* **ACTIVITY**: From the listing below, give again exactly the lines from the line with "Ліжко 1600 Нордик, 160*200" to the line with "国語の説明文「こまを楽しむ」", ends included, without any pictures.

* **TASK DATA**:
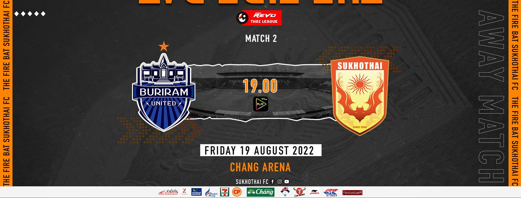 ศึกฟุตบอล รีโว่ ไทยลีก ฤดูกาล 2022/23 เปิดฉากขึ้นแล้ว เกมสัปดาห์ที่สองของซีซั่นนี้เป็นการเจอกันของ “ปราสาทสายฟ้า” บุรีรัมย์ ยูไนเต็ด เปิดบ้านต้อนรับการมาเยือนของ “ค้างคาวไฟ” สุโขทัย เอฟซี ที่สนาม ช้าง อารีนา วันศุกร์ที่ 19 สิงหาคม เวลา 1 ทุ่มตรง
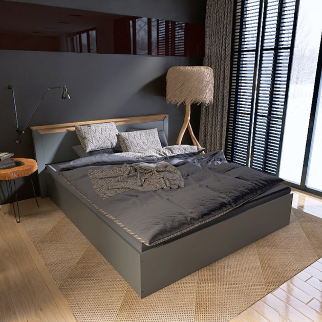 Ліжко 1600 Нордик, 160*200 см, з основою під матрац - Щит ДСП, Дуб Крафт Золотий, Графіт
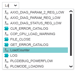 The Intellisense function facilitates the insertion of code elements (variables, FB instances, standard functions and function blocks, connectors, etc.) into graphical code worksheets via keyboard. By typing any character into an edit box, the editor provides all elements in a selection box that contain the entered character(s) in their name and that may be inserted at the current position (the input is not case sensitive). By typing more characters the list is further filtered. In the selection box, any element is indicated with a specific icon and the element name.
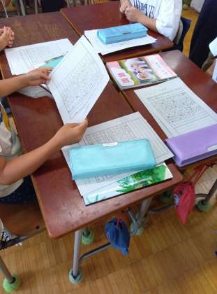国語の説明文「こまを楽しむ」で見付けた自分の「推し」のこまを発表し、質問に答えたり、コメントをしたりして友達と関わります。聞いた子は、自分の考えと相手の考えを比べ、よいところを伝えていました。何度かグループを変えて取り組みます。
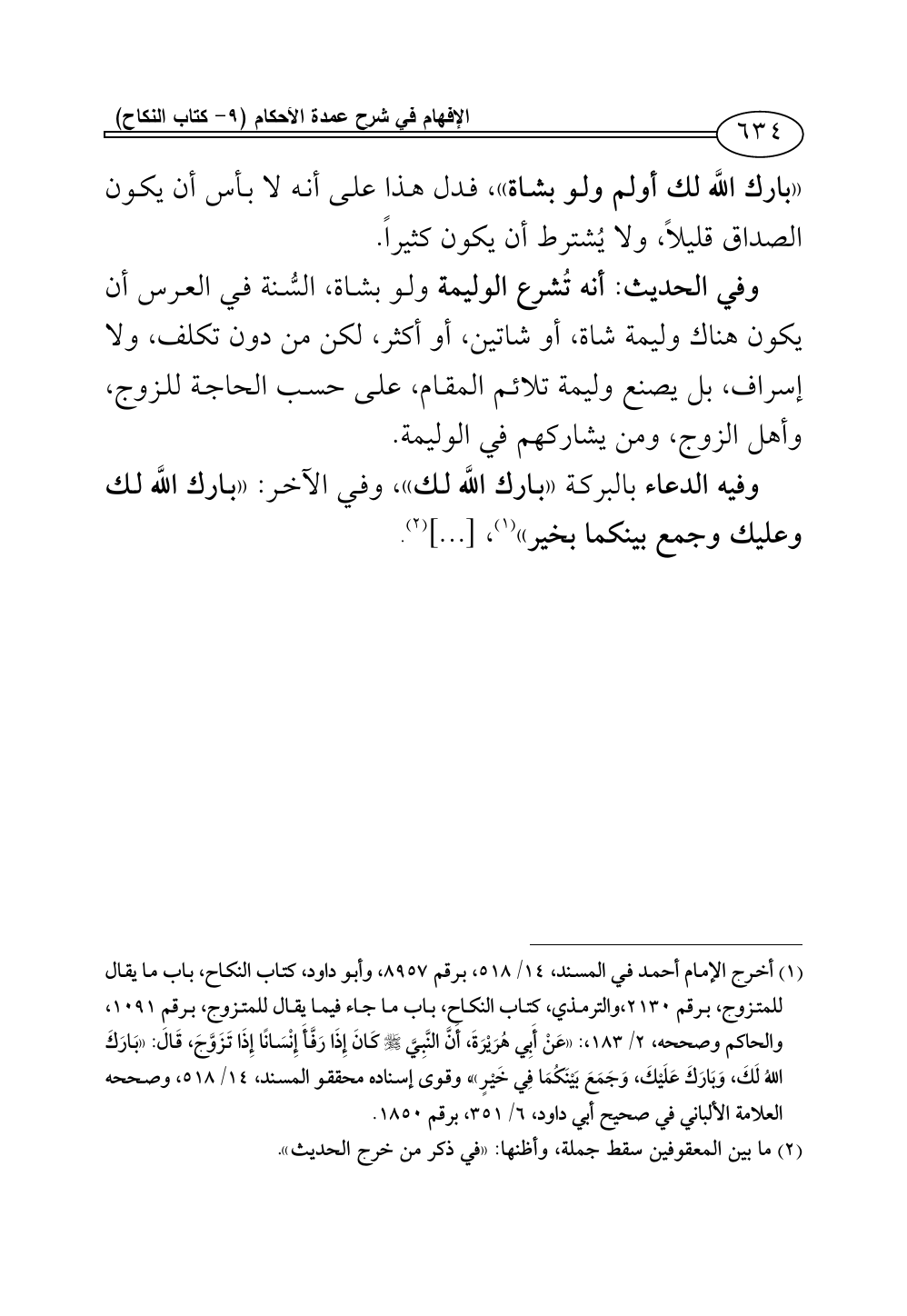 (¬1) أخرج الإمام أحمد في المسند، 14/ 518، برقم 8957، وأبو داود، كتاب النكاح، باب ما يقال للمتزوج، برقم 2130،والترمذي، كتاب النكاح، باب ما جاء فيما يقال للمتزوج، برقم 1091، والحاكم وصححه، 2/ 183،: «عَنْ أَبِي هُرَيْرَةَ، أَنَّ النَّبِيَّ - صلى الله عليه وسلم - كَانَ إِذَا رَفَّأَ إِنْسَانًا إِذَا تَزَوَّجَ، قَالَ: «بَارَكَ اللهُ لَكَ، وَبَارَكَ عَلَيْكَ، وَجَمَعَ بَيْنَكُمَا فِي خَيْرٍ»، وقوى إسناده محققو المسند، 14/ 518، وصححه العلامة الألباني في صحيح أبي داود، 6/ 351، برقم 1850.
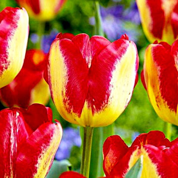 Tulips are iconic spring-blooming bulbs renowned for their elegant cup-shaped flowers and wide array of colors and forms. These bulbs produce single stems with distinctive flowers that can be found in virtually every color except true blue, including solid hues, bi-colors, and striking patterns with stripes, flames, or picotee edges.
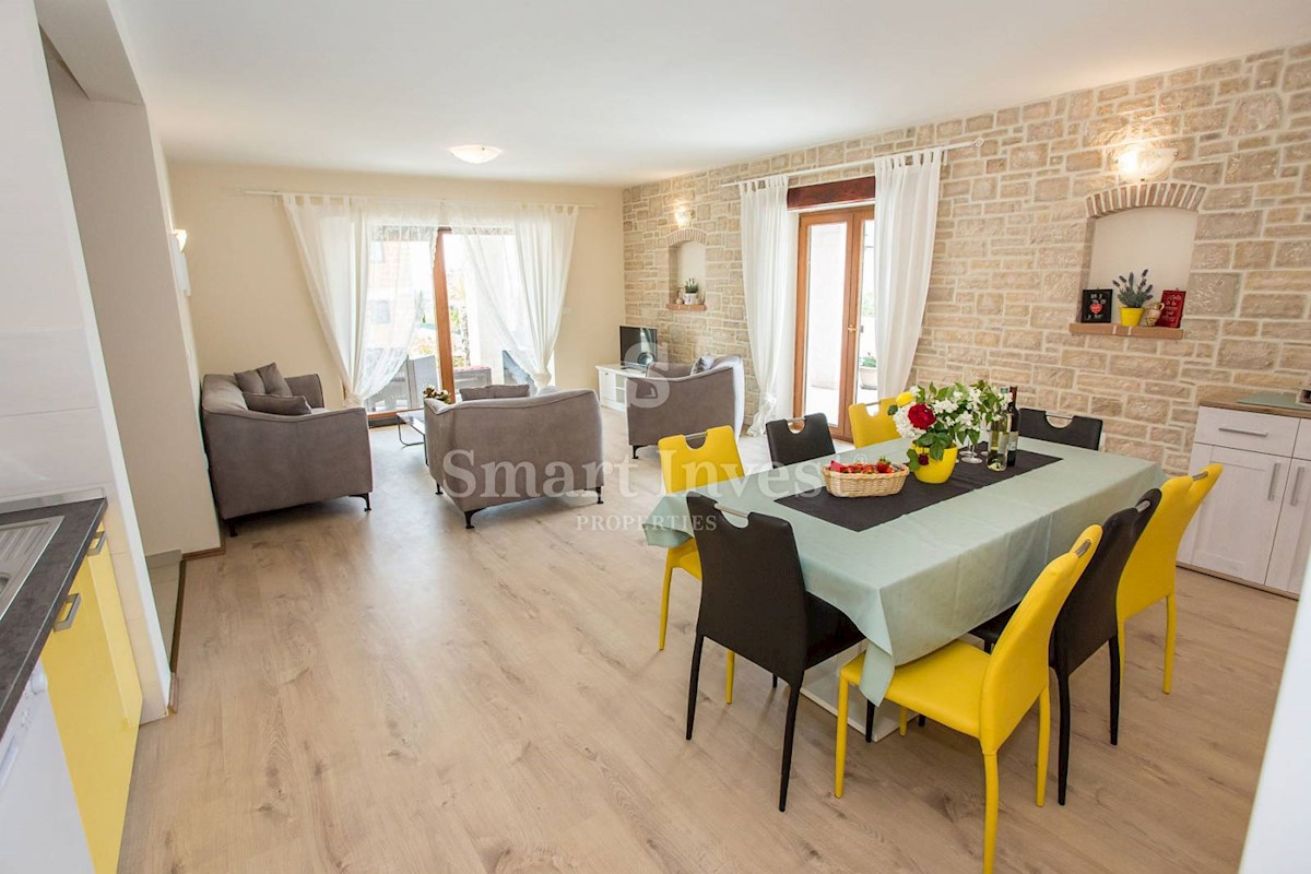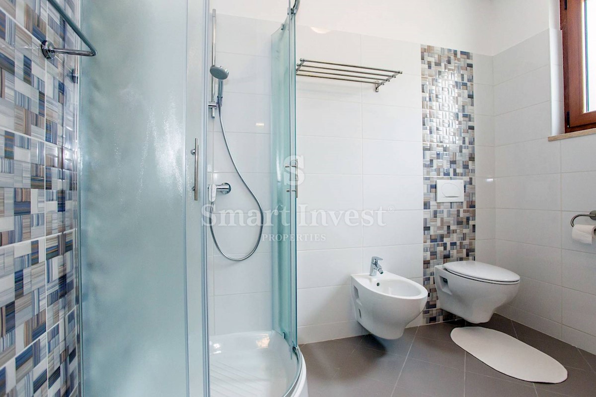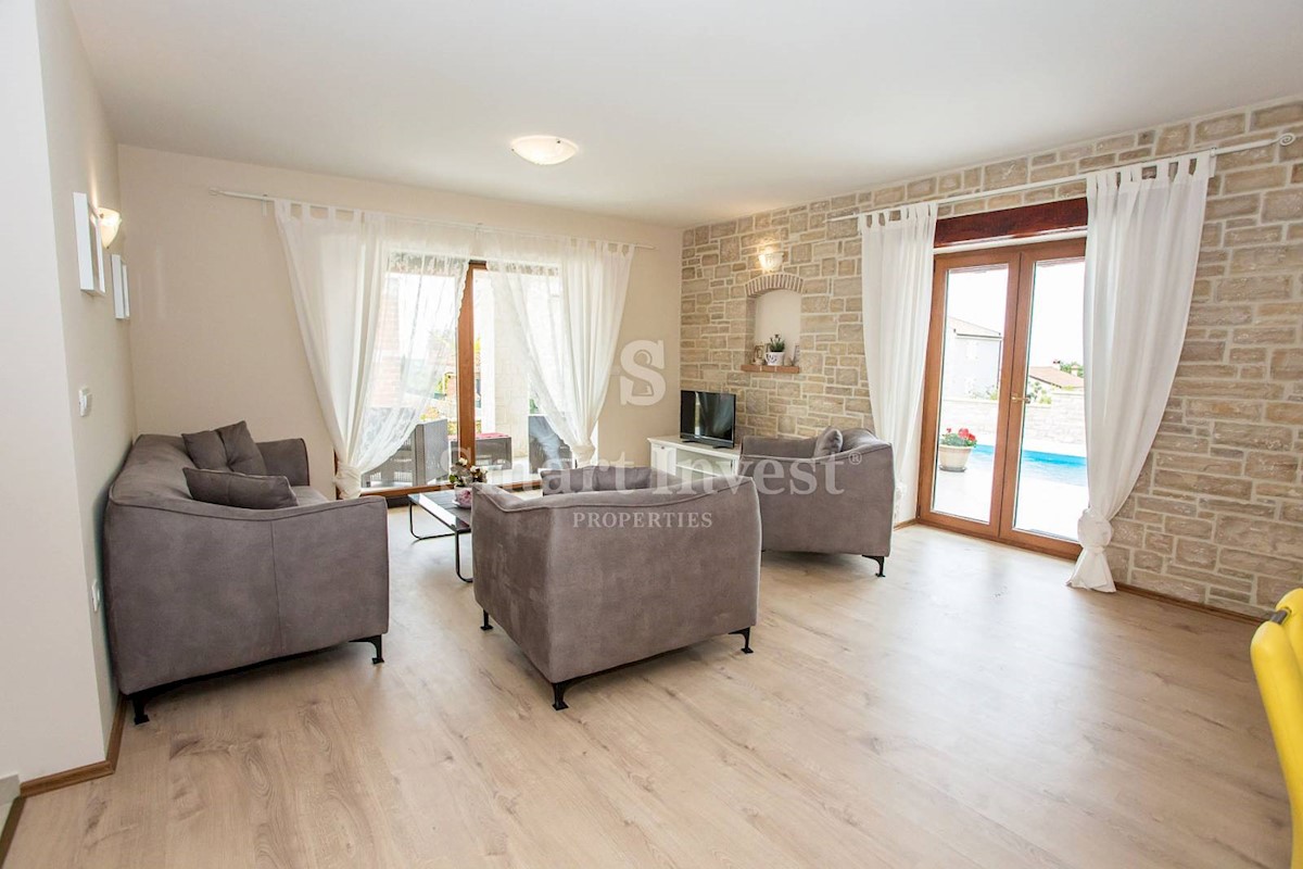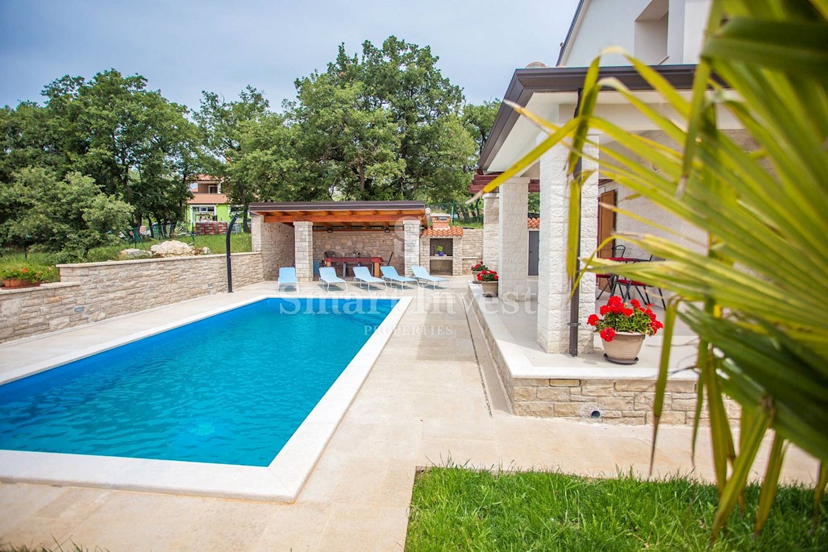 POREČ – 7 km od mora, prekrasna nova vila sa bazenom i pogledom na more u okolici Poreča, 7 km od mora i 11 km od centra Poreča. Vila stambene površine 180 m2 nalazi se na parceli od 464 m2, 4 spavaće sobe, 3 kupaonice. U prizemlju se nalazi prostrani d

* **FINISHED EXERCISE**:
 Ліжко 1600 Нордик, 160*200 см, з основою під матрац - Щит ДСП, Дуб Крафт Золотий, Графіт
 The Intellisense function facilitates the insertion of code elements (variables, FB instances, standard functions and function blocks, connectors, etc.) into graphical code worksheets via keyboard. By typing any character into an edit box, the editor provides all elements in a selection box that contain the entered character(s) in their name and that may be inserted at the current position (the input is not case sensitive). By typing more characters the list is further filtered. In the selection box, any element is indicated with a specific icon and the element name.
国語の説明文「こまを楽しむ」で見付けた自分の「推し」のこまを発表し、質問に答えたり、コメントをしたりして友達と関わります。聞いた子は、自分の考えと相手の考えを比べ、よいところを伝えていました。何度かグループを変えて取り組みます。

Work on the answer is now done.